The Most Important Issue You’re Probably Not Thinking About

That’s the title I would have given to Andy Rotherham’s new TIME column.  The issue is teacher pensions, which are nestled in the uber-problem of public sector benefit liabilities.

If you’re not asleep after that last sentence, read all of Andy’s piece.  The transparent political problem is the taxpayer liability inherent in closing the gaps between what retiring teachers expect and what revenues can currently provide.  For me, though, the more important problem is the perverse incentives it creates for teachers and systems:

The way teacher pensions operate is badly suited to today’s teacher workforce … The current set-up penalizes teachers who move between states, switch to private or public charter schools that do not participate in the pension system or leave teaching altogether. Meanwhile, it becomes financial suicide for teachers to change careers after a certain point even if they no longer want to teach or are not good at it.

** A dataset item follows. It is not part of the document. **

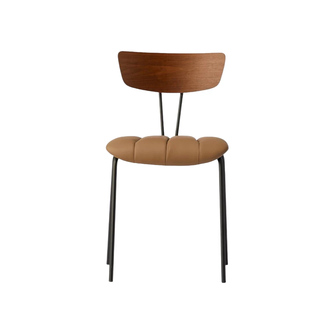 Summer ist ein eleganter Metallstuhl mit Stahlrahmen, gepolstertem Sitz und Rückenlehne aus Holz, erhältlich in verschiedenen Beiztönen. Die Polsterung ist in einer Vielzahl professioneller Stoffe oder Kunstleder erhältlich. Perfekt für moderne HoReCa-Bereiche mit Stil.

Not to mention, it makes it harder for professionals to BECOME teachers later in their careers.  The rigidity of the structure forces a singular career trajectory that just doesn’t jive with other labor markets.

Anyway, some folks are predicting a fiscal reckoning as the pension funds slide toward insolvency.  Who will emerge as the Nouriel Roubini of the education sector?  Looks like Andy is auditioning.